- [EXERCISE DATA]
....................

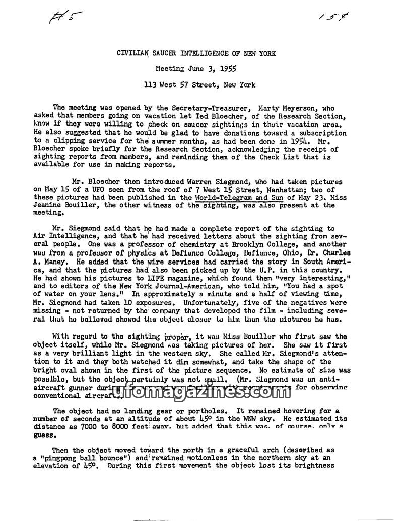 The meeting of the Civilian Saucer Intelligence of New York on June 3, 1955, featured a presentation by Warren Siegmond of his May 15th UFO sighting in Manhattan, including photogr
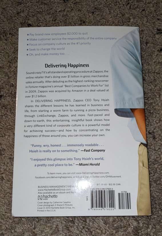 Delivering Happiness, a Path to Profits, Passion, and Purpose. By Tony Hsieh, Zappos CEO.
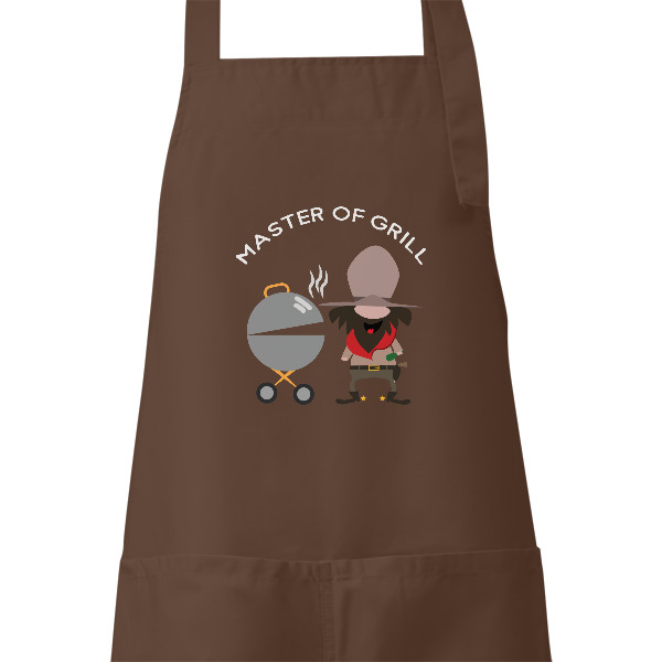 Dlouhá zástěra z kvalitního pevného materiálu. V přední části je velká dvoudílná kapsa na odložení nezbytností, která se určitě při vaření hodí. Za krkem je nastavitelný popruh se sponou a vzadu zavazování.

....................

- [WHAT THE EXERCISE ASKS] Here the job is to print the data above exactly, except for any pictures.

- [RESULT OF THE EXERCISE]
 The meeting of the Civilian Saucer Intelligence of New York on June 3, 1955, featured a presentation by Warren Siegmond of his May 15th UFO sighting in Manhattan, including photogr
 Delivering Happiness, a Path to Profits, Passion, and Purpose. By Tony Hsieh, Zappos CEO.
 Dlouhá zástěra z kvalitního pevného materiálu. V přední části je velká dvoudílná kapsa na odložení nezbytností, která se určitě při vaření hodí. Za krkem je nastavitelný popruh se sponou a vzadu zavazování.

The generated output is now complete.